REQUIREMENT:
Transcribe, leaving out every picture, the lines that run from the start of the listing below through the line with "Previo a la".

SOURCE DATA:
↓

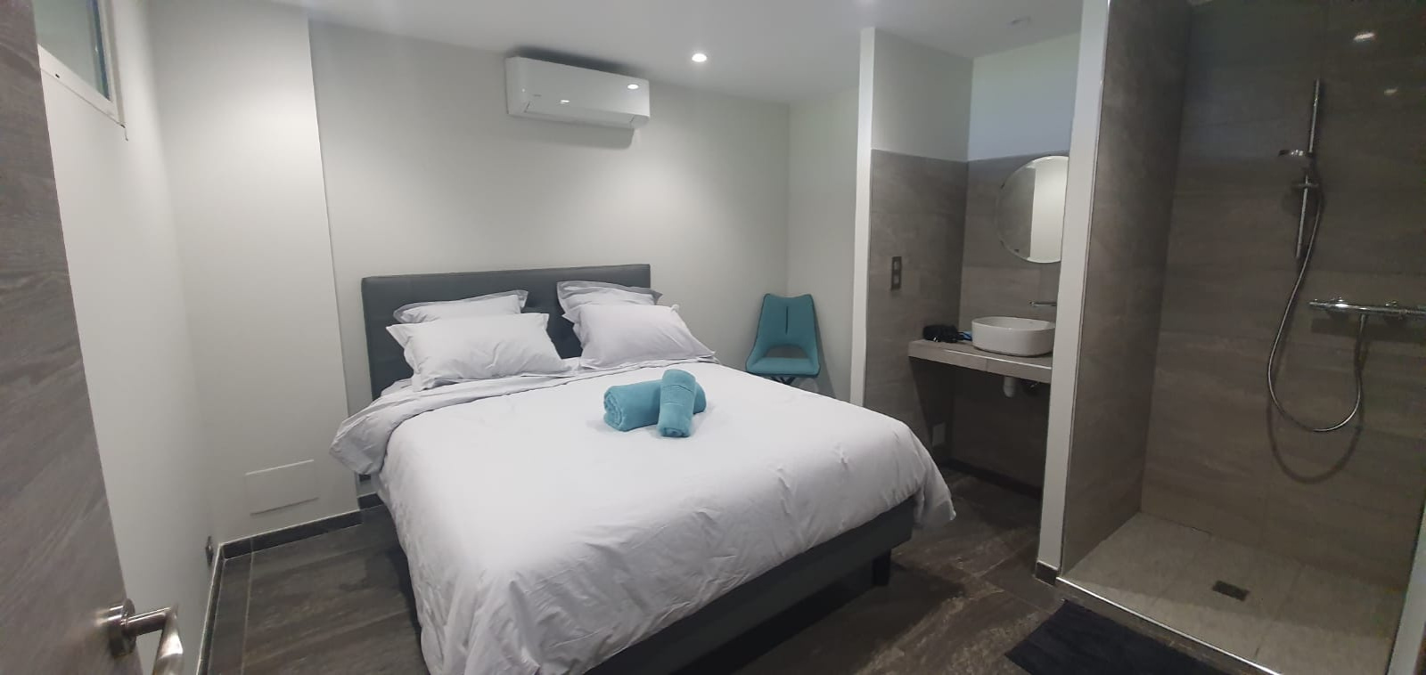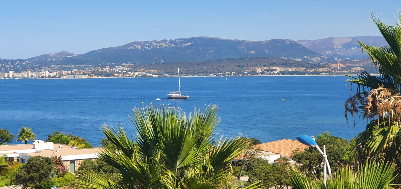 à l'abri des regards, avec vue sur mer, cet appartement se compose d'une pièce de vie avec cuisine us équipée, donnant sur terrasse, 2 chambres salle d'eau et wc, clim et place de parking,
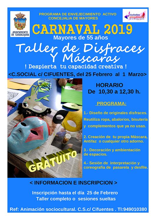 Previo a la celebración del Carnaval, la Concejalía de Mayores del Ayuntamiento de Guadalajara organiza dos talleres para que el colectivo de mayores de 55 años pueda participar de forma activa y creativa en las tradicionales fiestas de Carnaval.
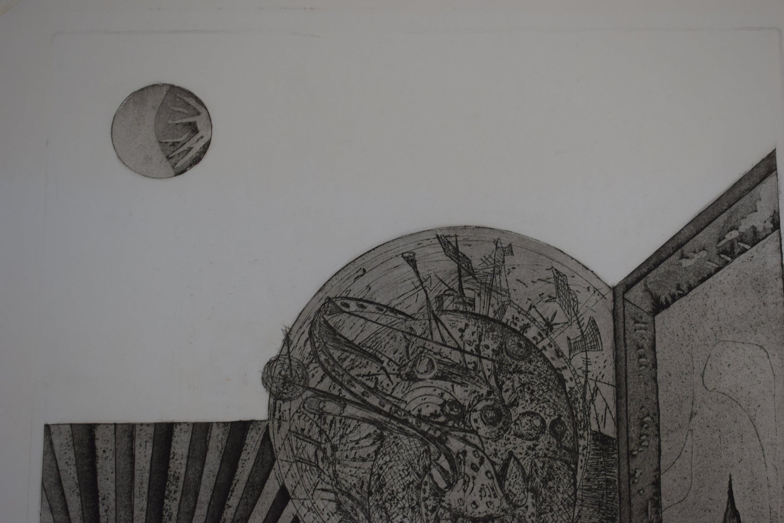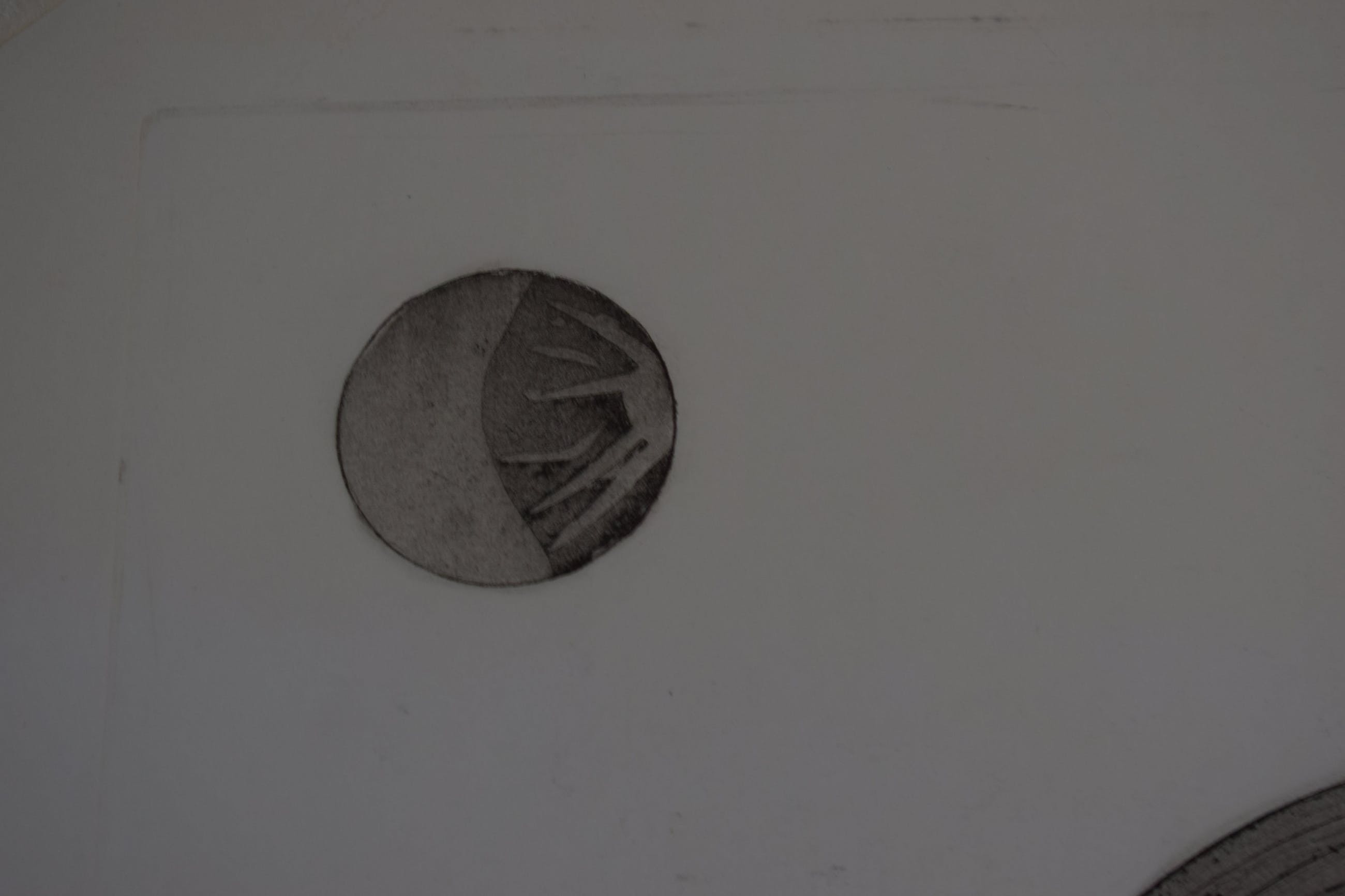 Papier heeft beschadigingen bovenin van het inlijsten. En beschadigingen onderin. Wel alles in de marge van een passepartout.

↑

SOLUTION TO THIS EXERCISE:
 à l'abri des regards, avec vue sur mer, cet appartement se compose d'une pièce de vie avec cuisine us équipée, donnant sur terrasse, 2 chambres salle d'eau et wc, clim et place de parking,
 Previo a la celebración del Carnaval, la Concejalía de Mayores del Ayuntamiento de Guadalajara organiza dos talleres para que el colectivo de mayores de 55 años pueda participar de forma activa y creativa en las tradicionales fiestas de Carnaval.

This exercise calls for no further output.